In case a detector unit is not sending data anymore, the corresponding ROB link is removed from the dataflow and can be reincluded once the corresponding detector unit has been reconfigured and resynchronised.



The fact that the LHC isn’t circulating beam doesn’t mean that the Control Room gets a break. Run Coordination is busy with trigger tests, stopless expert system, integration of the innermost forward precision muon chambers, and noise hunting. And with the machine restart just over a month away, they are anticipating how the LHC operation team will ramp up the beam.

Every Monday, TDAQ takes simulated data and runs it through the trigger chain, testing each step of ATLAS data acquisition. “It’s actually a very rigorous procedure,” says Christophe Clement, Run Coordinator. The trigger calls up offline reconstruction algorithms to analyse whether an event is worth keeping, and the TDAQ is currently integrating a new release. These tests look for any unexpected consequences of the changes to the software.

Stopless mechanisms have been an important part of the work, ensuring that if one small part of ATLAS stops transmitting data, the detector can continue to read out events, merely ignoring the problematic element as long as it is small enough. Most parts of ATLAS already have the “removal” mechanism in place, telling the readout software not to wait up for a non-responding module.

The Transition Radiation Tracker, Tile Calorimeter and parts of the Muon system have recovery procedures as well. In case of problem, a readout unit can step out of the data stream, be reinitialised, resynchronised with the rest of ATLAS, and jump back in again without bringing the detector to a halt.

For now, the recovery system would send a pop-up window to its subdetector team in the control room, getting permission to rejoin the data-taking, but eventually, Christophe says that these systems, once well understood, will be entirely automatic.

Since not all parts of ATLAS have stopless recovery, Run Coordination is also concerned with establishing a “pain threshold” for each subdetector – the maximum number of channels that can be removed before the data is no longer useful. If time allows, they would also like to reduce the size of the smallest piece of detector that can be stopped, improving the granularity of the system.

Apart from the stopless removal and recovery mechanisms, information about what channels have been switched off needs to be embedded into the data that collaborators will be accessing offline for physics analysis.

Last week, the TRT underwent recovery and poll mode tests, then the Central Trigger Processor ran with the TRT and the precision muon chambers (RPC and MDT) from Wednesday to Friday.
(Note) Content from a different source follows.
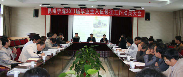 孙副书记强调:全校要按照云南省高校工委、省教育厅和云南省军区司令部的统一部署,为切实做好2011年beat365官网毕业生入伍预征工作,努力完成beat365官网毕业生入伍预征工作目标任务。他要求:一要充分认识高校毕业生入伍预征工作的主要意义,进一步增强入伍预征工作的责任感和使命感。各教学院、系要把高校毕业生入伍预征工作当做当前最紧要的大事来抓,积极组织动员,精心安排部署,认真抓好落实,力争预征报名人数占应届毕业生男生的比例不低于2010年(10%以上)。二要采取强有力措施,努力为部队输送高素质人才。通过举办一次现役高校毕业生士兵典型专场报告会,每个院系开展一次政策宣讲活动,每个班级开展一次入伍预征主题班会活动,给每位毕业生发一条入伍预征信息短信,给每位毕业生发一本入伍预征宣传册“五个一”工作,广泛开展宣传发动,引导毕业生踊跃报名应征。各单位要加强应征对象的指导、帮扶,持续做好入伍预征工作,为应征毕业生提供快捷、高效、优质的指导与服务,组织应征毕业生网上预征、登记报名,指导应征毕业生填写《应届毕业生预征对象登记表》和《应征入伍高校毕业生补偿学费代偿国家助学贷款申请表》;在预征对象离校前,要进行集中培训,讲明离校后征兵时间和渠道,指定专人保持联系,持续为预征对象提供指导、服务;在冬季征兵时再次提醒预征对象报名应征,为补办预征手续的毕业生开辟“绿色通道”,确保每一位符合条件的应届毕业生都能入伍。各单位要认真落实入伍预征优惠政策,激发毕业生应征积极性,学生入伍后,要认真做好学费补偿和助学贷款代偿政策的落实工作,加强政策和工作人员的培训,切实提高工作效率和水平,及时、准确地将补偿代偿的费用发到每一个符合条件的入伍毕业生手中;学生退役后,报考硕士研究生、专升本等落实好升学优惠政策,配合做好退役安置工作,让入伍预征优惠政策惠及每一位应征毕业生,解除学生的后顾之忧。职能部门要加强对责任落实、宣传动员、报名登记、指导填表、后续服务等工作环节的检查、监督和指导,切实把入伍预征工作做细、做实、做好,力争今年入伍预征工作在报名数量、预征数量和预征质量上取得新突破。
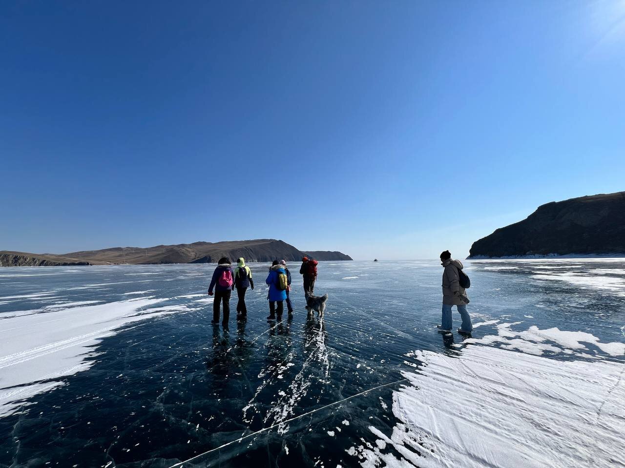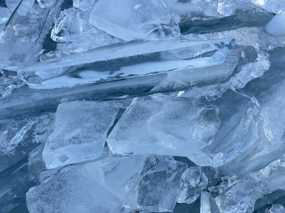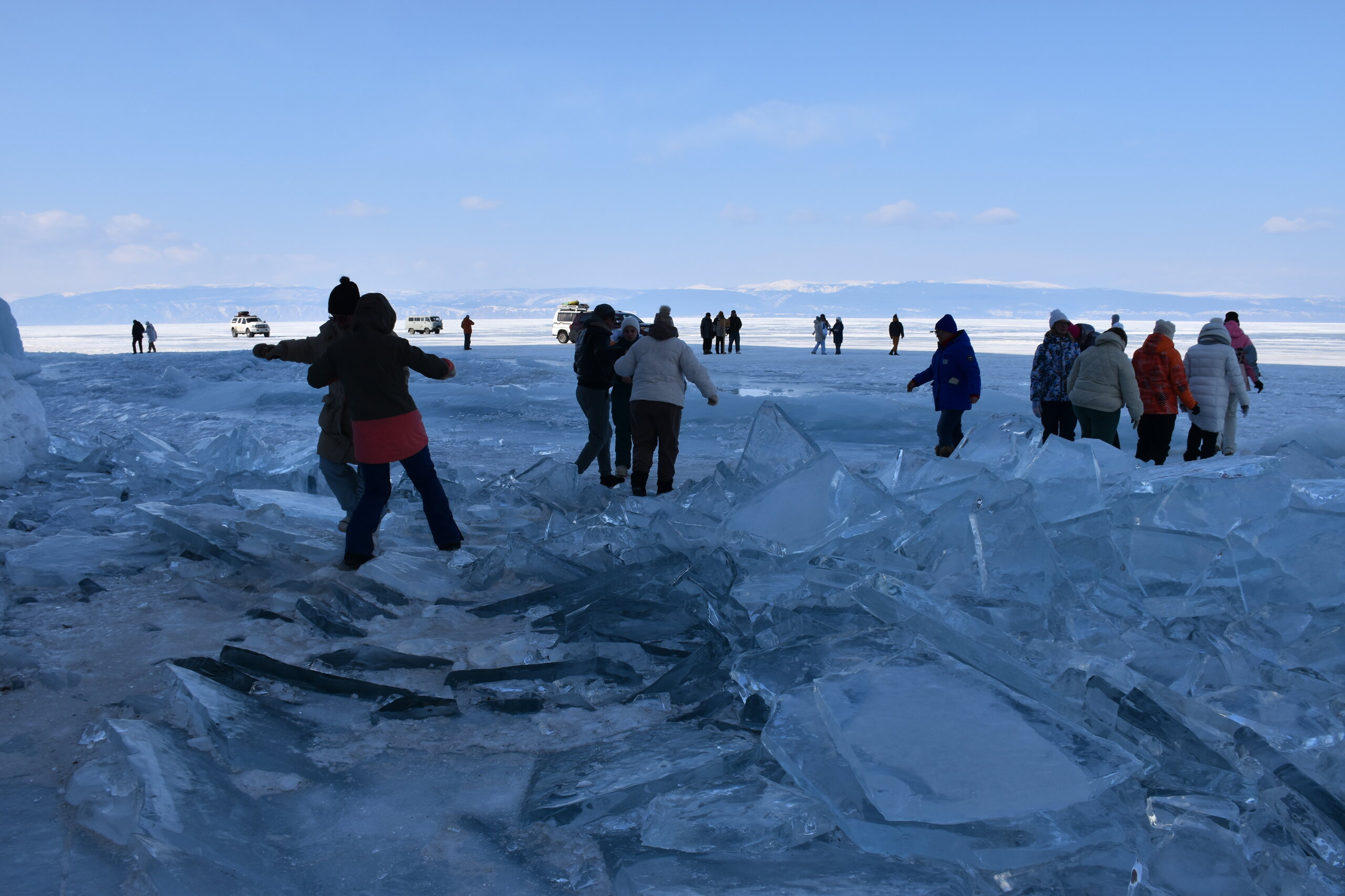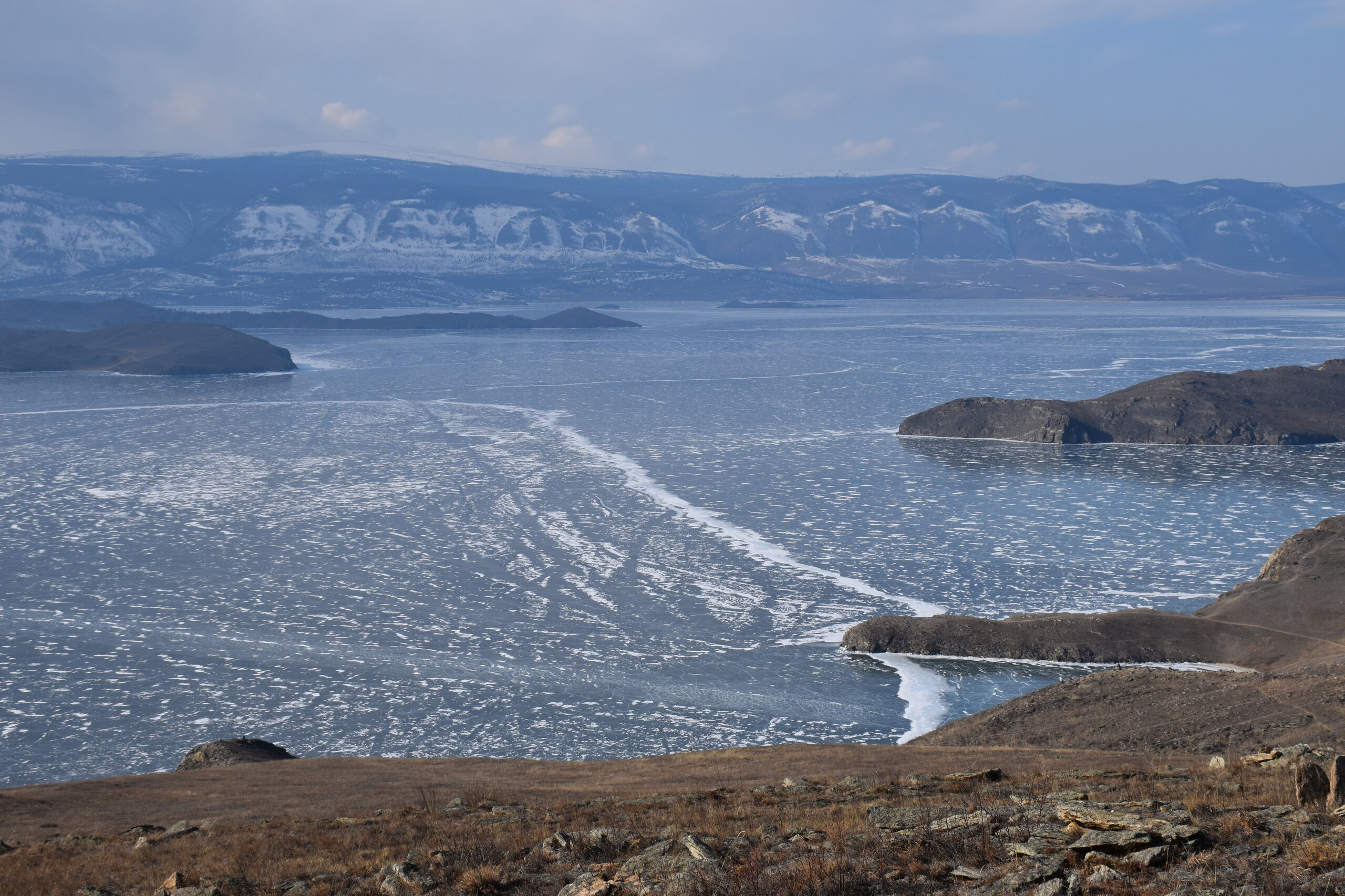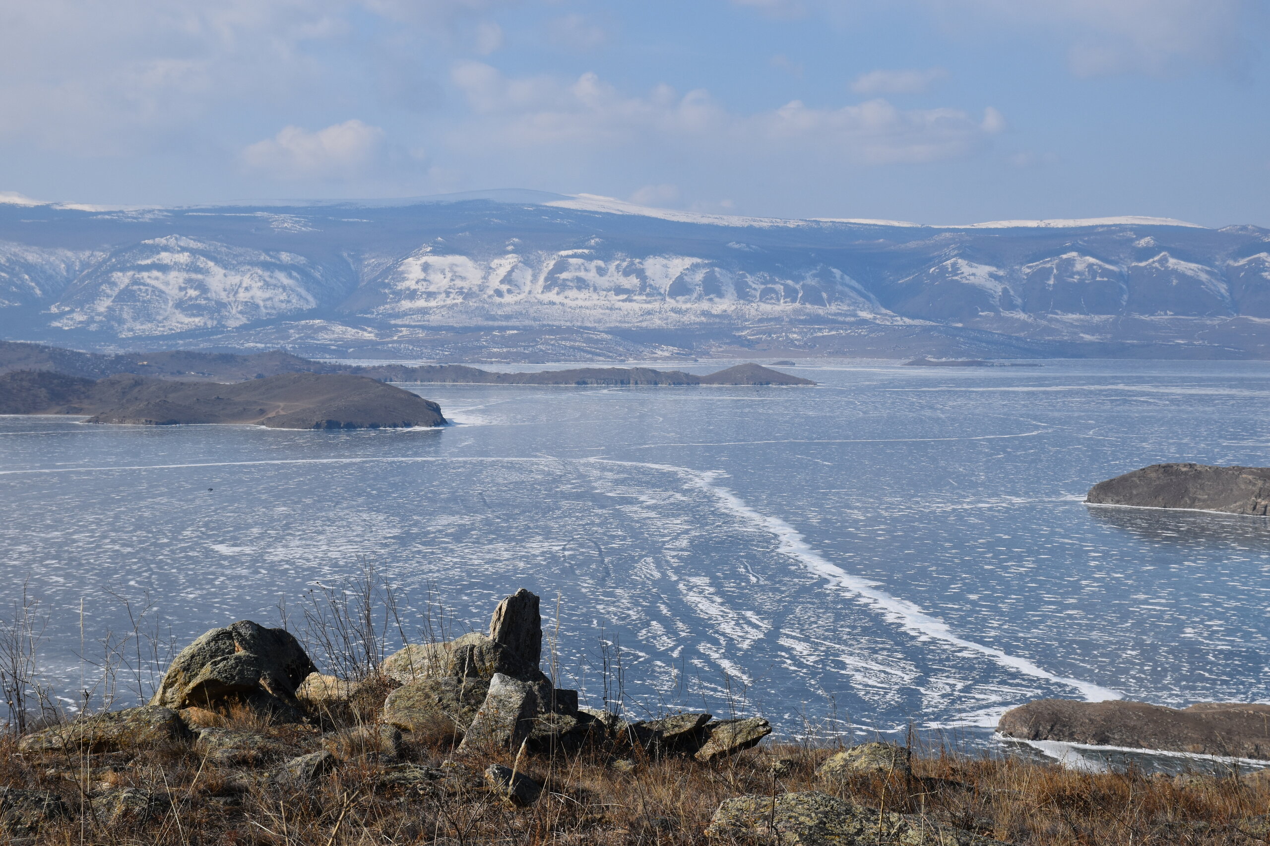 День 4. 12.03.2025 Сегодня наш день снова посвящен Льду! Вчерашний ветер Сарма сдул со льда снег. И если в первый выход было много снежных участков, то сейчас – перед нами почти идеальное зеркальное полотно! Хотя снежные участки для первого выхода – это больше плюс. Они помогали мне не скользить и побороть свой страх. В программе - поход на Мыс Уншуй острова Ольхон, Большое море. Гуляем по новым, весьма живописным окрестностям, а также поднимемся на скалу, что расположена над мысом Уншуй – с её вершины будет очередной, потрясающий вид на ледовую гладь Байкала. Активная часть треккинга: 20,1 км пешком, перепад высот 450-500 м, продолжительность похода 6-7 часов. В этом году лед образовался поздно, он тоньше и больше пропарин, поэтому в Большое море мы не выходим. Но вечером мы взяли дополнительную экскурсию на хивусе, который с легкостью вывез нас на большую глубину. Лед там отличается от Малого моря. Идем мы по проливу Ольхонские ворота. Это небольшой по ширине пролив, разделяющий материк и остров Ольхон. С одной стороны, он уходит в Малое море, с другой – в основную часть Байкала. На бурятском пролив называется Аман, что в переводе означает «рот» или «зёв». Иногда ещё можно встретить старое название – Ольхонский зунд. Длина пролива составляет 8,3 километра – это расстояние от мысов Улан и Кобылья голова до выхода в Большое море Байкала. Ширина наиболее узкого участка Ольхонских ворот – 1,2 километра. Именно на этом отрезке и находится паромная переправа на Ольхон. Средняя глубина пролива составляет 30-40 метров, а у южного входа, в окрестностях мысов Уншуй и Крест, она может достигать 100 метров. Течение здесь не такое, как на остальном Байкале. С северо-западной стороны находится Сарминское ущелье, откуда буйными порывами вырывается сильнейший одноименный ветер. Поэтому вода здесь находится в непрерывном движении, а волны порой могут достигать 5 метров высотой. В 2005 году на дне вдоль пролива Аман был проложен высоковольтный кабель, по которому на остров Ольхон поступает электричество. Ольхонские ворота – необычайно красивое и опасное место. Берега здесь круты и обрывисты, а вокруг них постоянно гоняет ветер и бьются волны. Зимой прибрежные скалы покрываются льдом и превращаются действительно нечто, похожее на сказочные ворота. Не удивительно, что туристы из года в год делают на Ольхонских воротах памятные, красочные фото. На побережье пролива Аман много узких заливов и небольших бухточек. Некоторые из бухт покрупнее – длиной 3-4 километра, но большинство все же совсем маленькие. На материковой части стоит посетить такие бухты, как: Тутай; Куркутская; Базарная. Со стороны Ольхона наибольший интерес представляют заливы Хул и Загли. Они закрыты от ветра и прекрасно подходит для стоянки судов в плохую погоду. Сегодня я выискиваю на льду необычные фигуры.

This exercise checked whether the Level 1 trigger responds to the muon chambers, and the data is also used for the calibration of the MDTs.

This week, the calorimeters will run together for calibration of the L1Calo trigger and to test the high level trigger (HLT). The trigger team got a head start on the final HLT software, installing it last the week before last.

From the second week in February, ATLAS will perform a full cosmic run with magnets. The various subsystems will also perform high rate tests of the trigger and readout to make sure that it won’t shut down as the machine teams ramp up the LHC’s luminosity. “Until the end of 2009, we were running a reasonably low Level 1 rate, so we just want to make tests to be sure that all detectors are able to run at the nominal rate,” says Benedetto Gorini, Deputy Run Coordinator.

Finally, detector groups are addressing an annoyance: noise. These fake signals for big events are fairly easy to spot and discard, but during a run, they could overshadow particles from a collision event. The process of finding the source of the noise is “quite painful,” according to Christophe. The variables are many and the clues are few, but a starting point has been the periodicity of the noise events.

Once at 7 TeV collision energy, the machine group will start adding more bunches, with 2 per beam, then four, then 16 and finally 43. With 43 bunches in each beam, they’ll introduce the crossing angle at ATLAS and begin to squeeze the beam, increasing the density of the bunches and chances for collisions, before increasing the bunch number.

The machine team is considering putting 156 bunches in each beam, but this step is not particularly useful to ATLAS. But with 144 bunches per beam, the accelerator group will shrink the spacing between bunches to 50 nanoseconds, with a crossing angle at all four experiments. Then, they’ll squeeze the beam again. From here, they can slowly increase the number of bunches from 144 by adding them to the end of the bunch train.

But from mid-February to mid-March, the accelerator team will stick with beam commissioning, with the 3.5 TeV run beginning the week of March 22nd (week 12).